Additionally, Steele notes, governments typically don’t pay the full list price for a drug, instead joining forces to negotiate a better, private deal.

“Our governments were able to negotiate that price down, probably not 90 per cent, but somewhere in the middle. And, if our public payers can do that, the private insurers that charge premiums can.
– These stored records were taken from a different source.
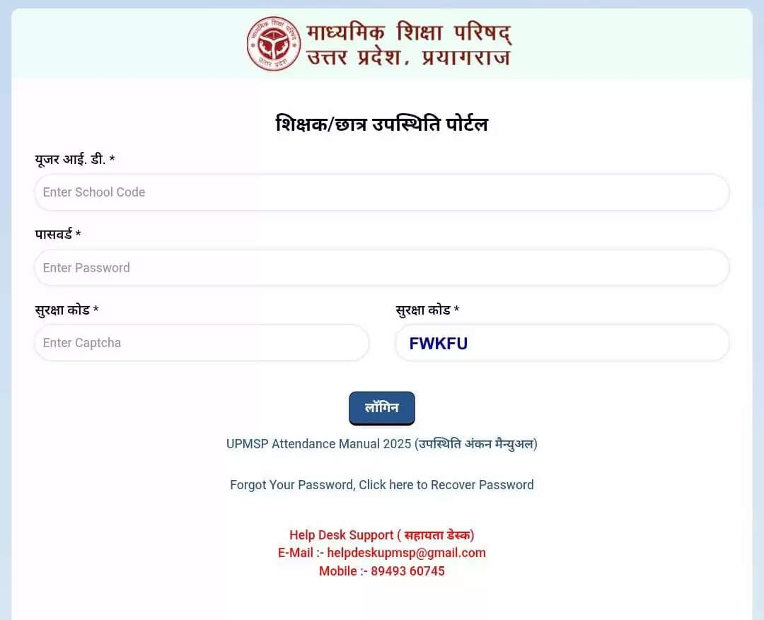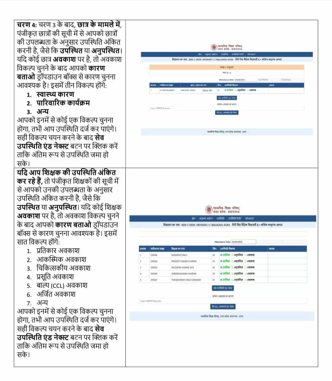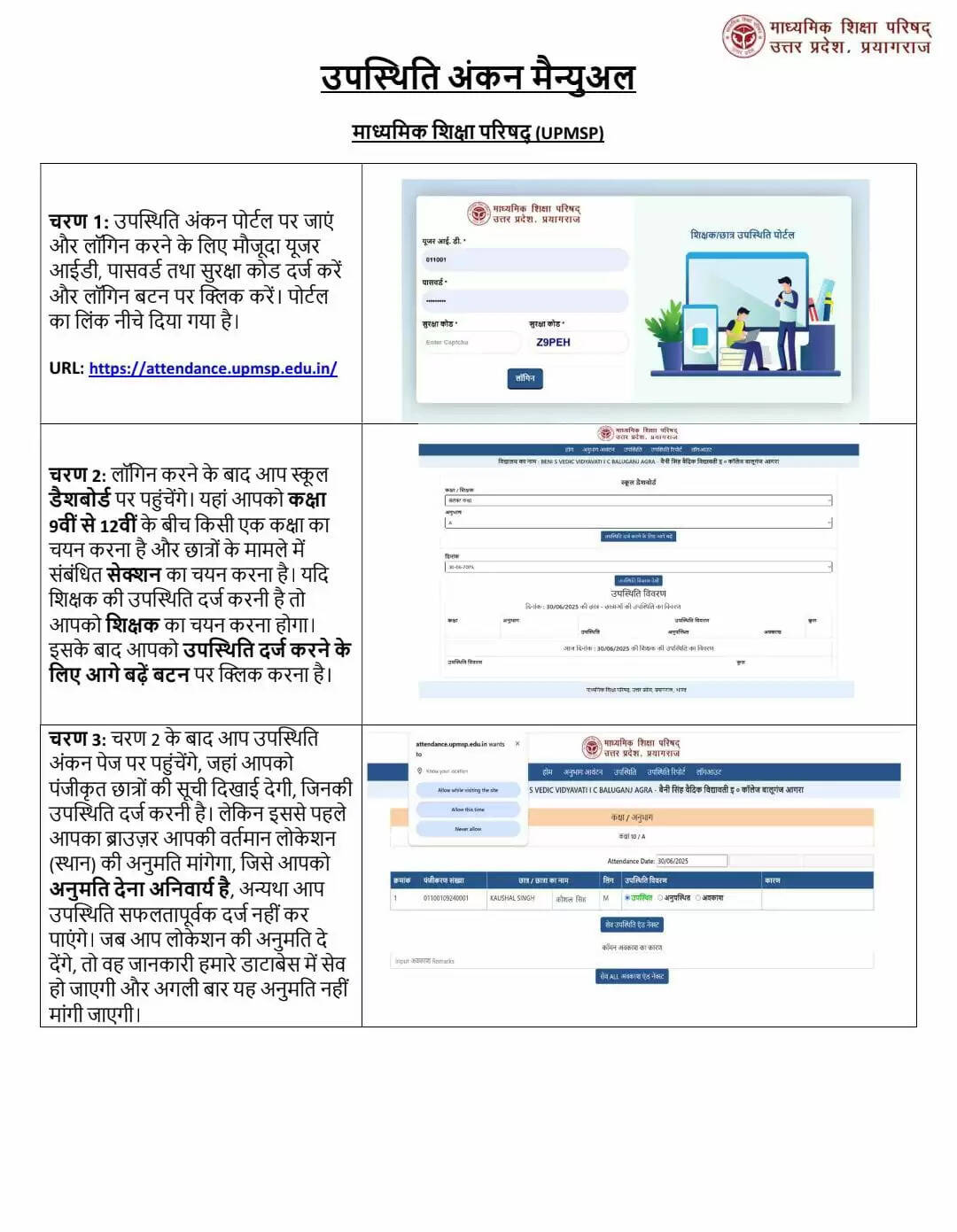 इस उद्देश्य के लिए एक विशेष पोर्टल https://attendance.upmsp.edu.in विकसित किया गया है, साथ ही UPMSP Attendance नामक एक मोबाइल ऐप भी तैयार किया गया है, जो Google Play Store पर उपलब्ध है। सभी विद्यालयों के प्रधानाचार्य को निर्देशित किया गया है कि वे प्रतिदिन प्रथम पीरियड में लॉगिन कर उपस्थिति दर्ज करें। लॉगिन की प्रक्रिया में विद्यालय की पूर्व निर्धारित यूजर आईडी व पासवर्ड का ही उपयोग किया जाएगा।
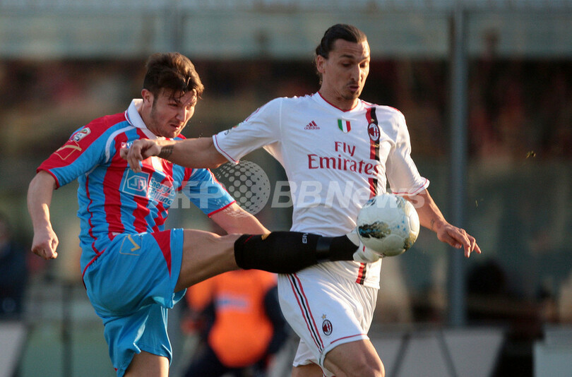 ミランは前半34分にロビーニョ(Robinho)のゴールで先制したものの、後半13分にカターニアのニコラス・スポッリ(Nicolas Spolli)に同点ゴールを許した。
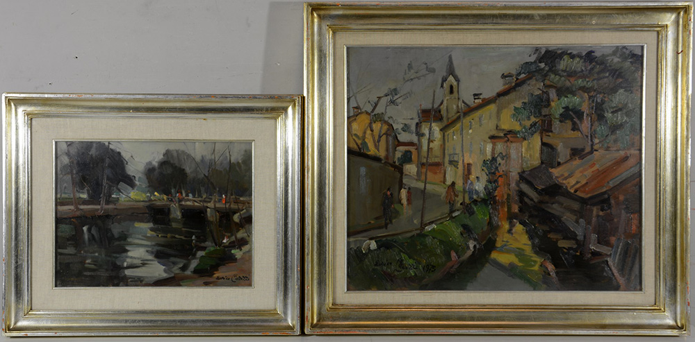 Carozzi Enrico. "Scorci di citt‡" lotto composto da due dipinti di tecniche e misure diverse, firmati. In cornici
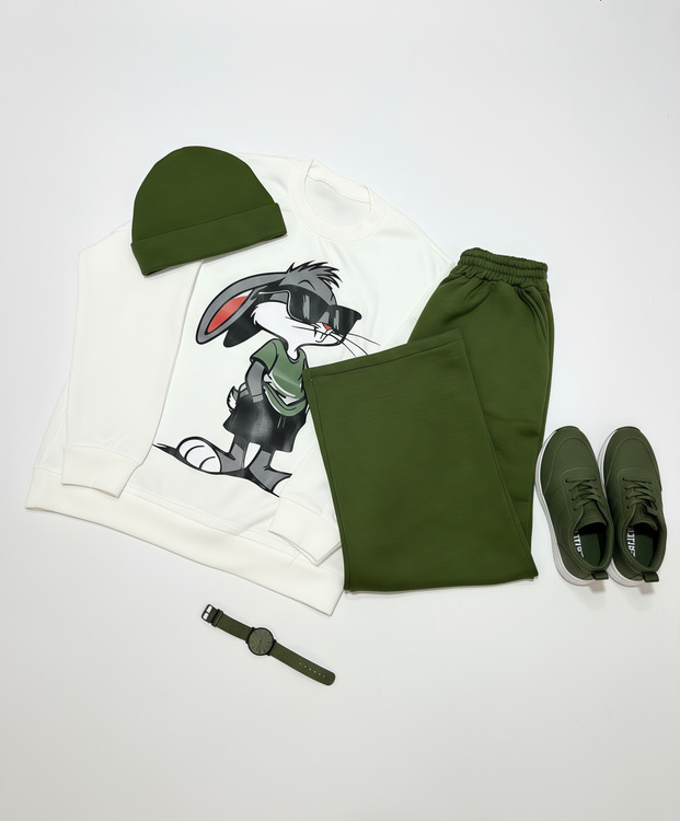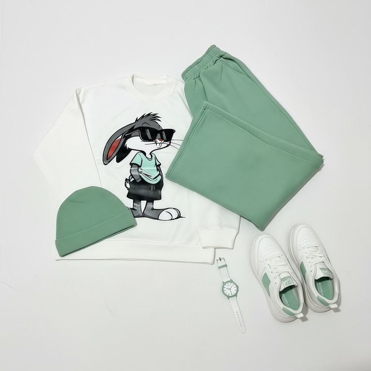 ست دورس و شلوار خرگوش جنس دورس تو کرکی رنگ بندی جذاب و تنخور فوق العاده ای داره👌🏻 دارای کلاه همرنگ شلوار که این ست رو خفن تر میکنه😍
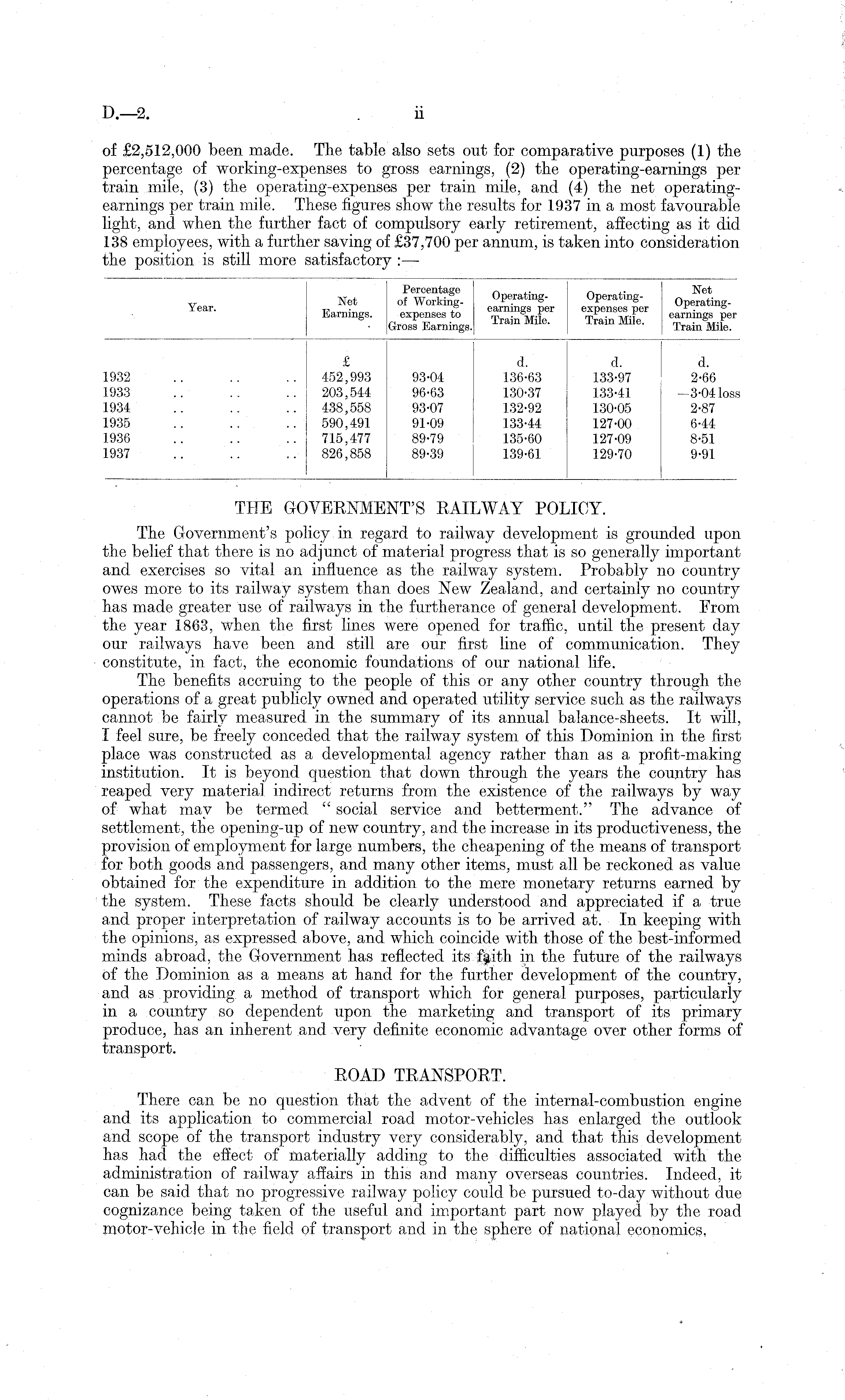 THE GOVERNMENT'S RAILWAY POLICY. The Government's policy in regard to railway development is grounded upon the belief that there is no adjunct of material progress that is so generally important and exercises so vital an influence as the railway system. Probably no country owes more to its railway system than does New Zealand, and certainly no country has made greater use of railways in the furtherance of general development. From the year 1863, when the first lines were opened for traffic, until the present day our railways have been and still are our first line of communication. They constitute, in fact, the economic foundations of our national life. The benefits accruing to the people of this or any other country through the operations of a great publicly owned and operated utility service such as the railways cannot be fairly measured in the summary of its annual balance-sheets. It will, I feel sure, be freely conceded that the railway system of this Dominion in the first place was constructed as a developmental agency rather than as a profit-making institution. It is beyond question that down through the years the country has reaped very material indirect returns from the existence of the railways by way of what may be termed " social service and betterment." The advance of settlement, the opening-up of new country, and the increase in its productiveness, the provision of employment for large numbers, the cheapening of the means of transport for both goods and passengers, and many other items, must all be reckoned as value obtained for the expenditure in addition to the mere monetary returns earned by the system. These facts should be clearly understood and appreciated if a true and proper interpretation of railway accounts is to be arrived at. In keeping with the opinions, as expressed above, and which coincide with those of the best-informed minds abroad, the Government has reflected its f|ith in the future of the railways of the Dominion as a means at hand for the further development of the country, and as providing a method of transport which for general purposes, particularly in a country so dependent upon the marketing and transport of its primary produce, has an inherent and very definite economic advantage over other forms of transport. ROAD TRANSPORT. There can be no question that the advent of the internal-combustion engine and its application to commercial road motor-vehicles has enlarged the outlook and scope of the transport industry very considerably, and that this development has had the effect of materially adding to the difficulties associated with the administration of railway affairs in this and many overseas countries. Indeed, it can be said that no progressive railway policy could be pursued to-day without due cognizance being taken of the useful and important part now played by the road motor-vehicle in the field of transport and in the sphere of national economics,
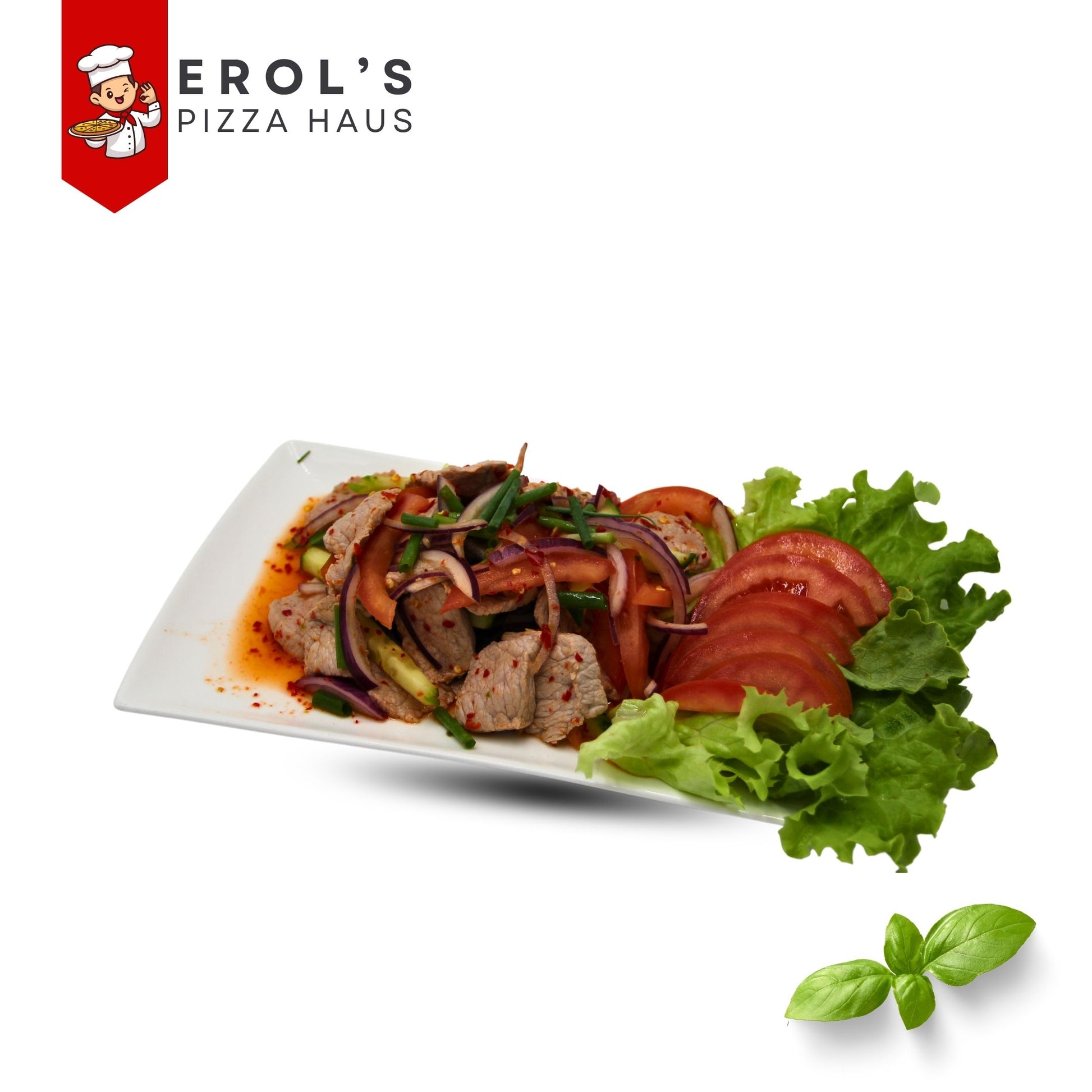 Rindfleischsalat mit frischen Kräutern, zwiebeln, Gurken, Sellerie, Tomaten, Limonen und Frühlingszwiebeln - Nach Ihre Wahl mit*

It’s a total smokescreen, and people are paying into these private plans and not getting the benefits, not getting the drugs they need.”

Steele admits there’s no easy fix to what is a multi-layered problem, but points to the model used in Quebec, where mandated private insurance led to a cooperative risk-share model.

She also suggests that private payers should be at the table with public ones when negotiating drug prices. “Everybody has a bit to pay here, and, if we all put our money in the same pot, we can get better results and people can get the medicine that they need faster and in a more fulsome way.”

Mike Sullivan, CEO of Cubic Health, which administers FACET, says the practice of provinces jointly negotiating private agreements with pharmaceutical companies, without insurance companies at the table, creates a two-tier pricing system for expensive drugs such as Trikafta.

“(It) creates a very unbalanced playing field,” he said in an email. “The benefit plans have limited funding to provide all benefits (not just drug), and, if they have to pay multiples of what the public plans have to pay, they cannot cover the same breadth of medications.”

In the meantime, Aldrich weighs her options while her lung function worsens. She could apply to the province’s OHIP+ plan, but would have to forego any other coverage under her mother’s benefits plan, while any coverage she might be approved for would end next year, when she turns 25. That would at least fill a gap, during which she hopes insurance companies will realize how important Trikafta is to CF patients.

There’s also the possibility that she and her brother Chris, who also has CF, might be able to get Trikafta through the Ontario Disability Support Program.

“We’ve been working pretty hard for me to get Trikafta because it’s pretty much my last hope,” she says.

“Without Trikafta, I don’t really plan for my future because there’s this fear that I won’t have a future. But, with Trikafta, I see myself accomplishing the goals that I’ve always set out for myself. I’ve always had a passion to teach, and I’ve always wanted a family — that is my absolute dream. I know that, with Trikafta, I would be able to start a family and have a house and everything that you dream of as someone without CF. I see the potential in my life and living a long life.”